А.К.: The checking is carried out in three stages, including statement analysis, statement resource analysis, and analysis of the fact itself. For example, if an author of a statement refers to some research or operates with figures, we check who is the author of the research, what organisation carried it out and whether the organisation is trustworthy. Also, within the process of checking, it is necessary to involve a second expert.

If it is a scientist, we check his or her competency and the context in which the research was carried out. Anyway, we have to check the source’s source, to which the person who makes the statement is referring to. If we can’t find answers to the questions that bother us, then we more likely are dealing with manipulative behaviour or a fake. During the period of preparation for elections, mass media and social networks are full of political statements – this is an excellent study material for application of techniques and algorithms of fact checking in order to learn detecting manipulation in the use of information. However, SUSU’s EUfactcheck project is first of all of educational nature. We don’t set the goal to convict someone of lying. We need to teach master’s degree student-journalists fundamentals of fact checking and verification, as well as teach them how to operate with the tools.
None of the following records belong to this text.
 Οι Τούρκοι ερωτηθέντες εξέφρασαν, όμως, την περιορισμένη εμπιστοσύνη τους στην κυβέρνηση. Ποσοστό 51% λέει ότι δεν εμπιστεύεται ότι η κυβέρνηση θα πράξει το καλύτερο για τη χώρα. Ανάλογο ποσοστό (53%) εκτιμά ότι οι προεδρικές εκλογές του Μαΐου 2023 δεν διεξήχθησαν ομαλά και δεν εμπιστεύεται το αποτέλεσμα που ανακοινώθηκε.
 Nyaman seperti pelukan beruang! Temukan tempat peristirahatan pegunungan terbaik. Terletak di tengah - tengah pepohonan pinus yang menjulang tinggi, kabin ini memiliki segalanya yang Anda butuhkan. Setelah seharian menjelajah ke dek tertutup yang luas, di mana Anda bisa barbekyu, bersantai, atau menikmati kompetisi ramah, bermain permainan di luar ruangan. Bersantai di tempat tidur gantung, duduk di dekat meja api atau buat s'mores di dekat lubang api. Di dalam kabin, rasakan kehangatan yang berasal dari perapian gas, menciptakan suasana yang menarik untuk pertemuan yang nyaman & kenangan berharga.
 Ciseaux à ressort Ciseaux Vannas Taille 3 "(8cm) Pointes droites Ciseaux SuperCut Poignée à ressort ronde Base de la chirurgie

Master’s degree students will be able to apply these skills and abilities during elections to the European Parliament, and publish results of the checking at a real media platform.

– How is the topic of fact checking is going to be covered at the key event of the SUSU Faculty of Journalism – the Science-and-Education Forum called “Communication Leader-2019”?
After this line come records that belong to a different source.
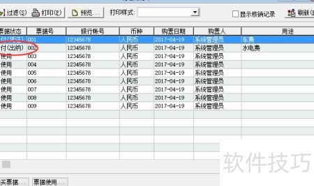 12、 返回票据管理,查询001票号时,系统将提示该票据已通过凭证完成支付。
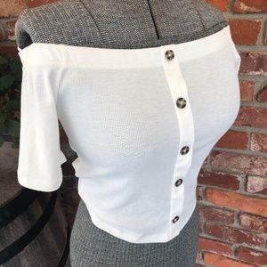 Short sleeve off the shoulder top with buttons down the front. Buttons are sewn on. Cream/off-white in color. NWT
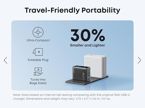 A foldable plug and a frame that's 30% smaller and lighter make it easy to pack. It saves space in your bag and lightens your load, replacing bulky bricks with effortless portability and powerful charging.
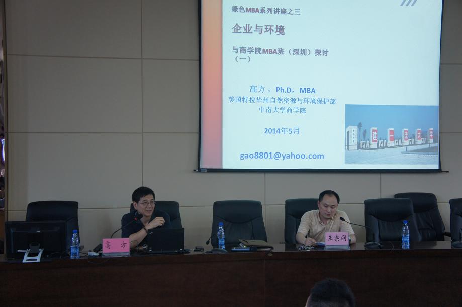 2014年5月24日下午,星空XK杰出校友、美国特拉华州资源与环境保护部空气质量局项目技术主管工程师、美国特拉华大学客座教授高方博士应邀回到母校,为星空官网绿色MBA学员做了一场题为《环境保护与企业关系》的精彩报告,报告由院长助理王宗润教授主持。
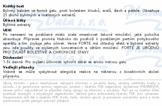 Bylinný balzám ve formě gelu, proti bolestem kloubů, svalů, šlach a páteře. Obsahuje 25 druhů bylinných a rostlinných extraktů.

L.Sh.: During the conference of the European Journalism Training Association in Thessaloniki, we discussed important cooperation issues with EJTA President Nico Drok and received a consent of EJTA representatives from universities of Greece, Belgium and Holland to take part in the Science-and-Education Forum entitled “Communication Leader” which is to be held in March of 2019. Fact checking is going to be the key topic of the conference.

Within the Communication Leader-2019 Forum, online master-classes of teaching staff from universities participating in the project are going to be held. For example, master classes are scheduled to be held by representatives of the Institute of Mass Communication (Stuttgart, Germany), Haaga-Helia University of Applied Sciences (Finland), and Thomas More University (Belgium). Master classes are going to be targeted at teaching staff of the Faculty of Journalism as well as at bachelor’s and master’s degree students.
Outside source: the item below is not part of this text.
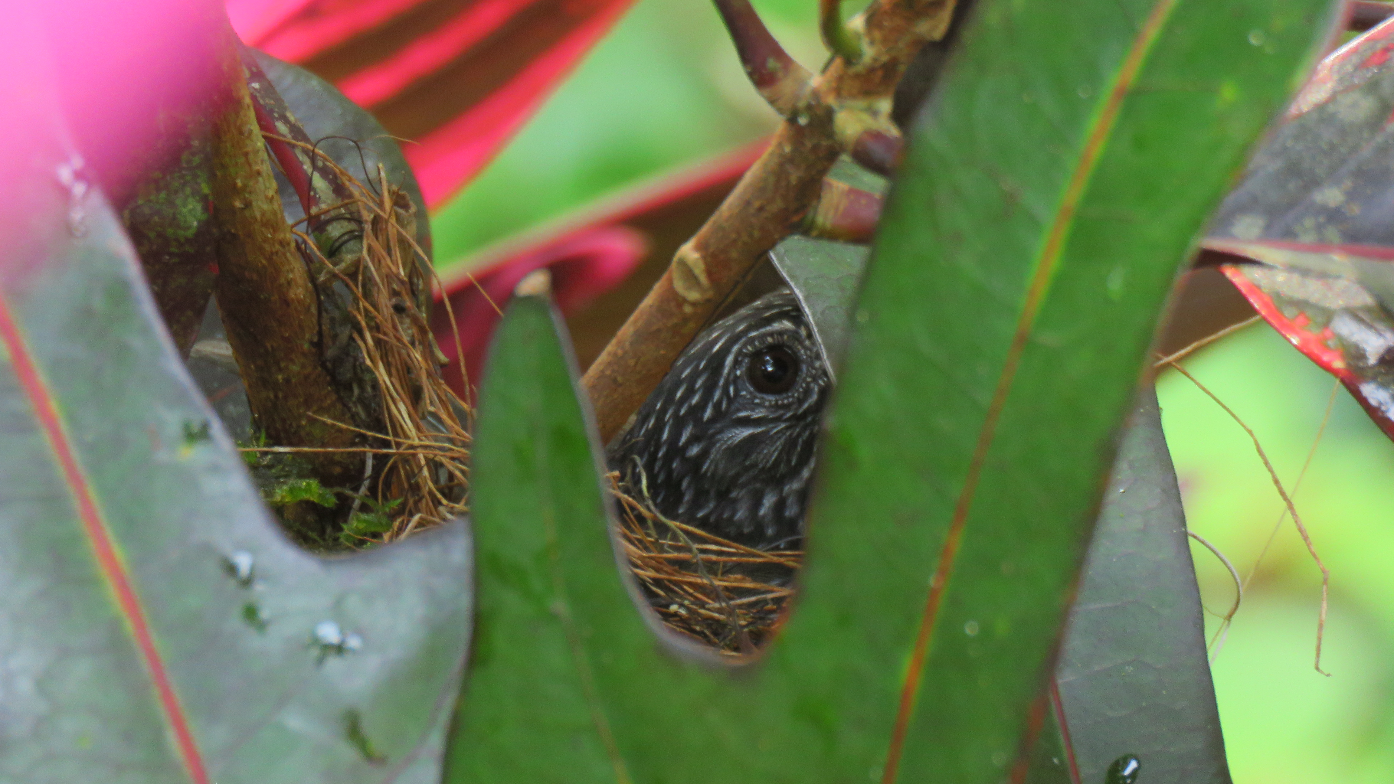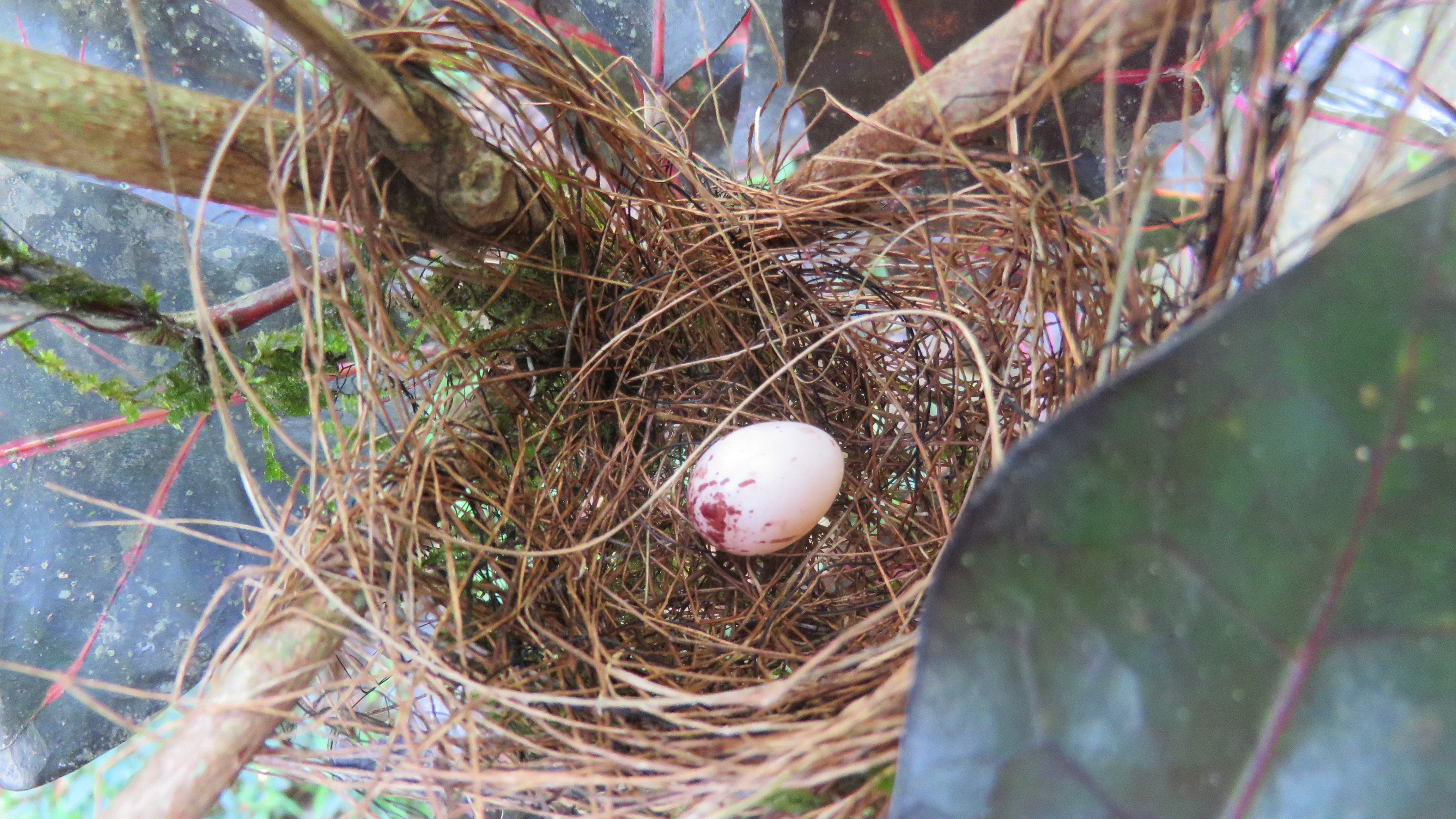 This is a glimpse of the mother bird sitting on the nest I recently discovered right on the edge of my garden path. It is hard not to disturb her as I walk past.

Within the Forum, there is a scheduled visit of SUSU by a lecturer from the Aristotle University (Thessaloniki, Greece) Nikos Panagiotou, who is going to hold a master class for students and teaching staff of SUSU and deliver a report dedicated to specificity of fact checking.

– Tell us about your plans regarding the project. What key events are scheduled for the nearest future?

L.Sh.: In January of 2019, we are going to take part in another educational event at the Utrecht University, which is going to signal the beginning of publications of fact checking results within the EUfactcheck project. We are also planning to publish reviews of Russian mass media materials dedicated to elections in Europe, as well as analyse the quality of translation of foreign news and statements of politicians. It is important for us to see the personas and the statements which Russian mass media get focused on. What is more actively implemented into the minds of Russian audience? What events are neglected? What does European mass media publish and why it does not, say, gets covered in our mass media? All of this is important for us specifically from the position of educational process – teaching future journalists carry out fact checking having equipped them with specialised tools.